◆ **Information shown**
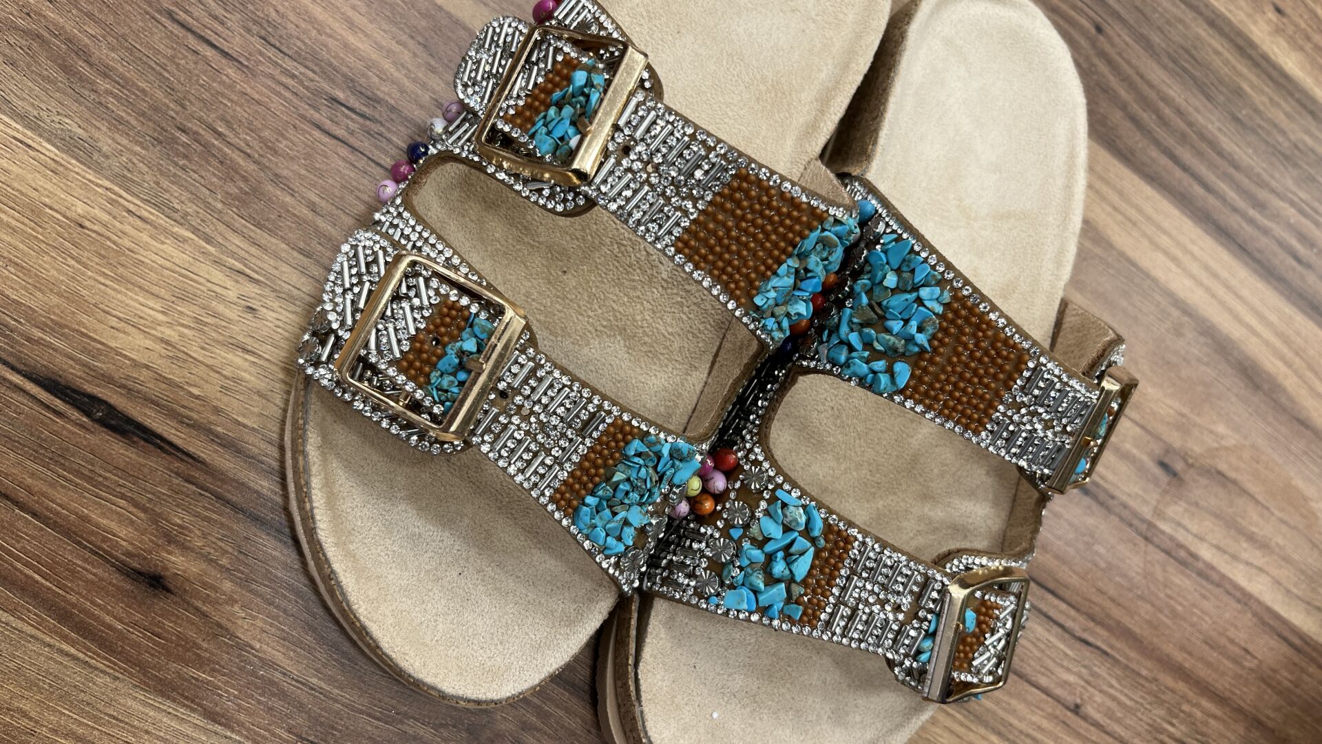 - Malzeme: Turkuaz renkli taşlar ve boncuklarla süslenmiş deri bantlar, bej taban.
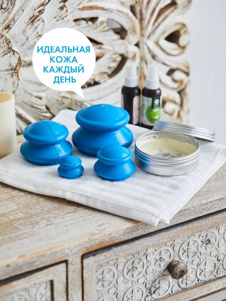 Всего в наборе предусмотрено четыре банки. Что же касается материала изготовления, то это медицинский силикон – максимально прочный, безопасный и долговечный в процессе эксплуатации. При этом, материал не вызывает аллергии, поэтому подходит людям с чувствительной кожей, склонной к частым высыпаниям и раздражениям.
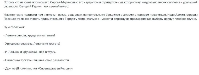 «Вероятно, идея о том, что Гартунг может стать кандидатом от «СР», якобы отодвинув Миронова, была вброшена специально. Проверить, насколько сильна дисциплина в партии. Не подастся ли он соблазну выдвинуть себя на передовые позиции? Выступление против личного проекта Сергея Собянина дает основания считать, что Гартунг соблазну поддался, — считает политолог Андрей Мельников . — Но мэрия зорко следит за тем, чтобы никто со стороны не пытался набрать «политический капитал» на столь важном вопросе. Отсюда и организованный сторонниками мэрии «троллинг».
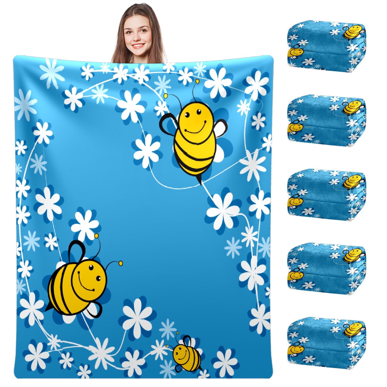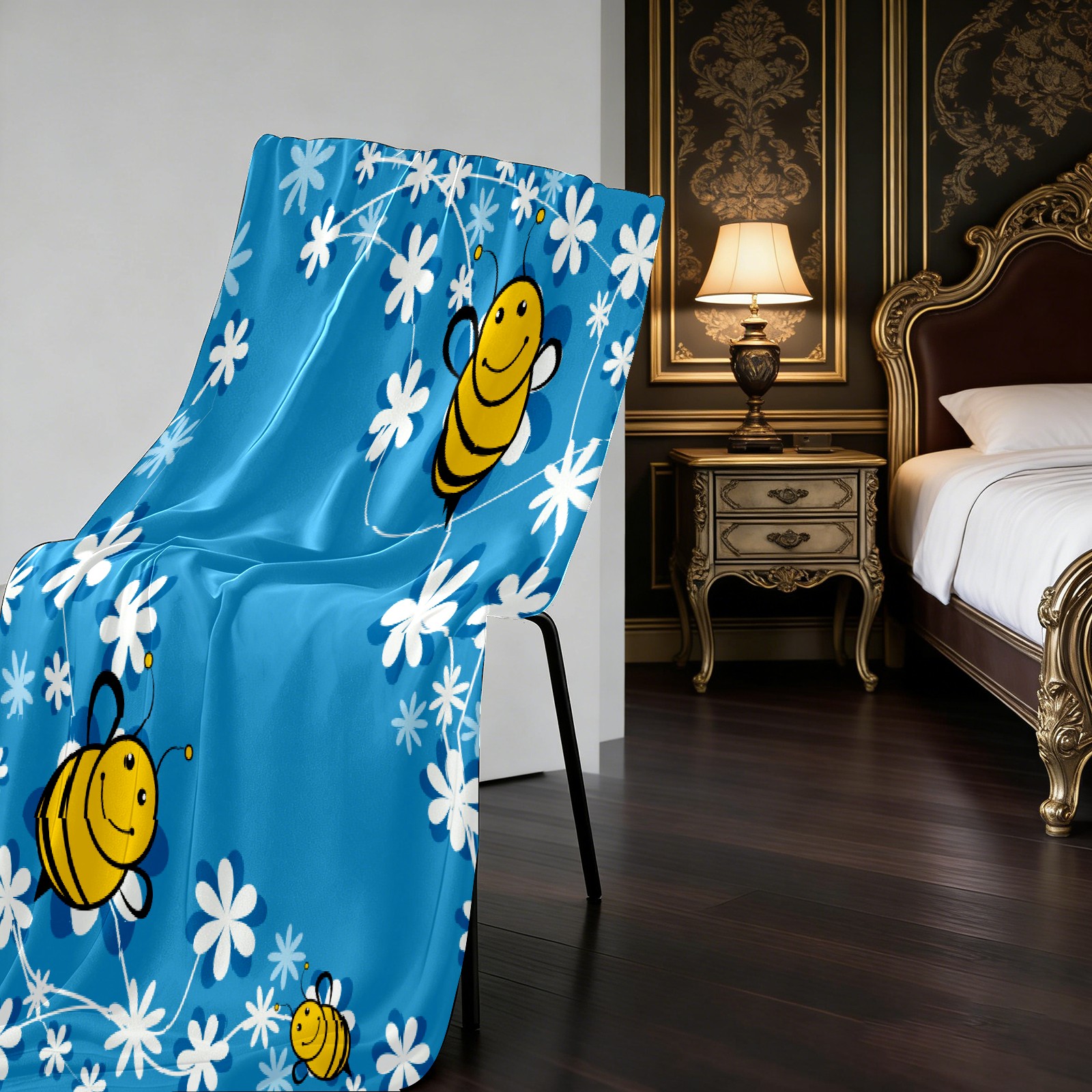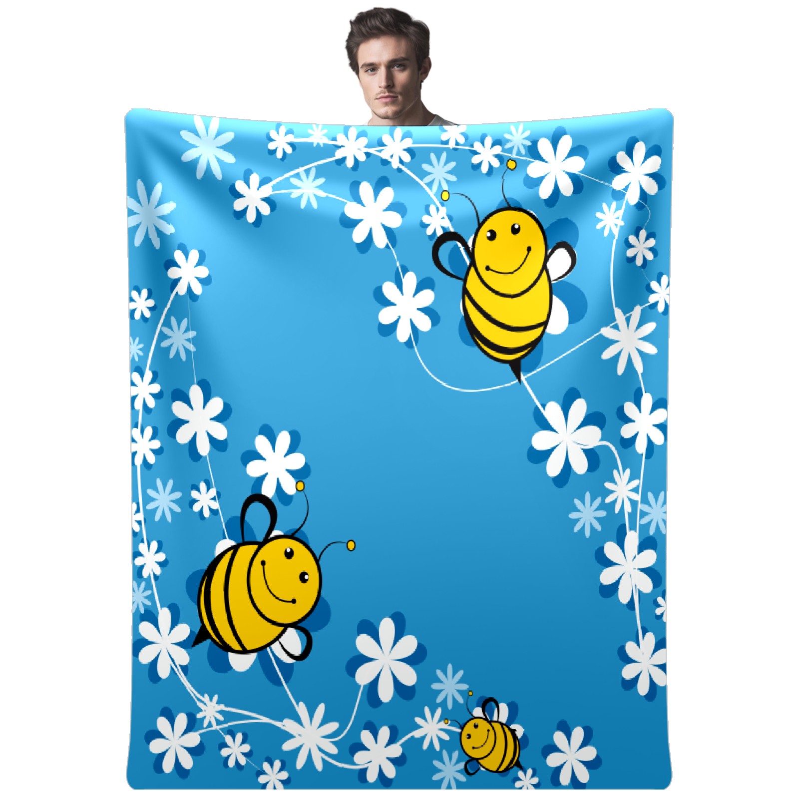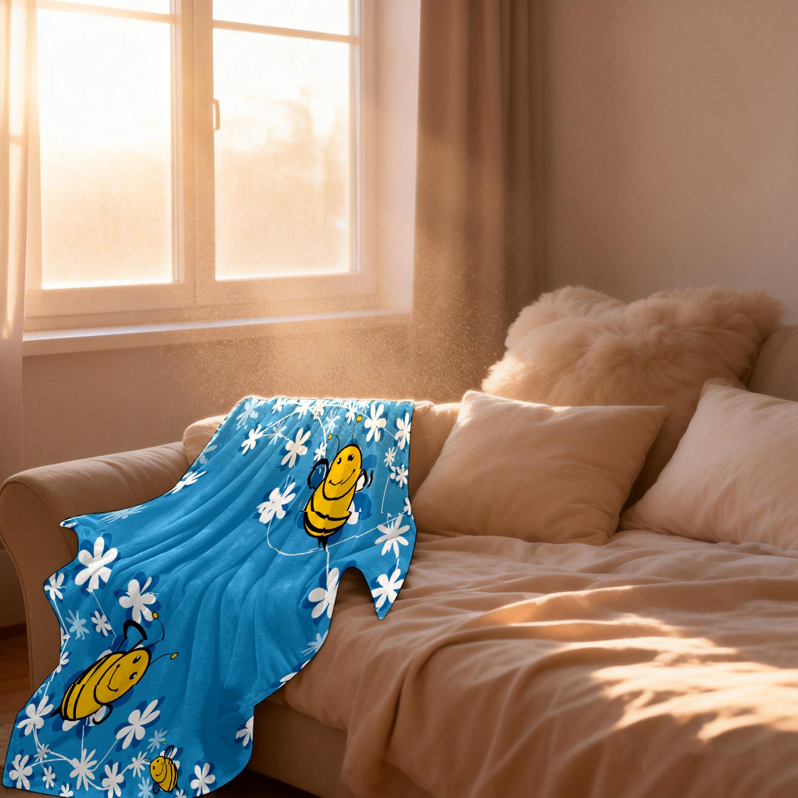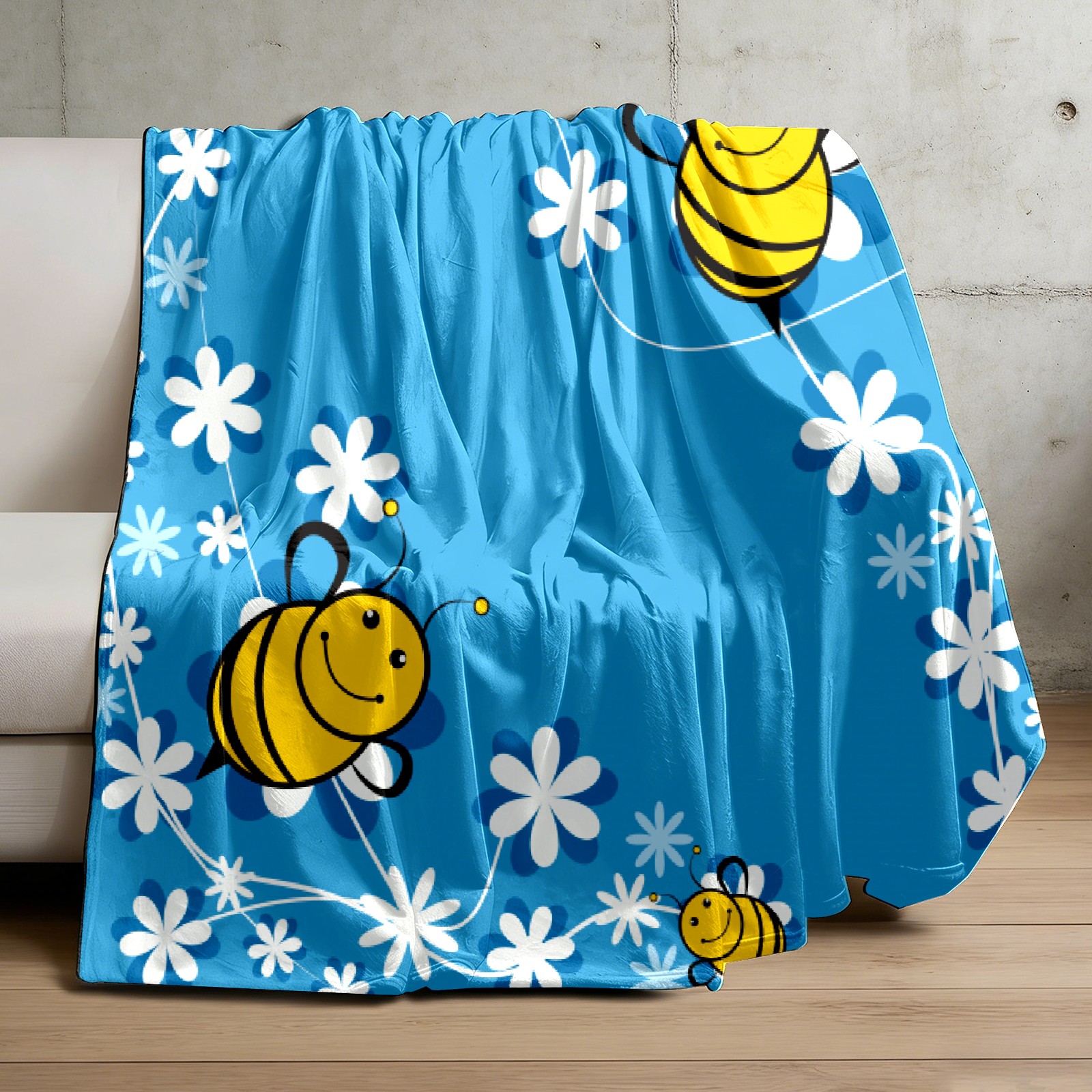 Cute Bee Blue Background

◆ **What is expected**
Every line from the one holding "том, что Гартунг" through the final line of the data above is to be reproduced exactly, both ends included, with the pictures left out.

◆ **Written reply**
 «Вероятно, идея о том, что Гартунг может стать кандидатом от «СР», якобы отодвинув Миронова, была вброшена специально. Проверить, насколько сильна дисциплина в партии. Не подастся ли он соблазну выдвинуть себя на передовые позиции? Выступление против личного проекта Сергея Собянина дает основания считать, что Гартунг соблазну поддался, — считает политолог Андрей Мельников . — Но мэрия зорко следит за тем, чтобы никто со стороны не пытался набрать «политический капитал» на столь важном вопросе. Отсюда и организованный сторонниками мэрии «троллинг».
 Cute Bee Blue Background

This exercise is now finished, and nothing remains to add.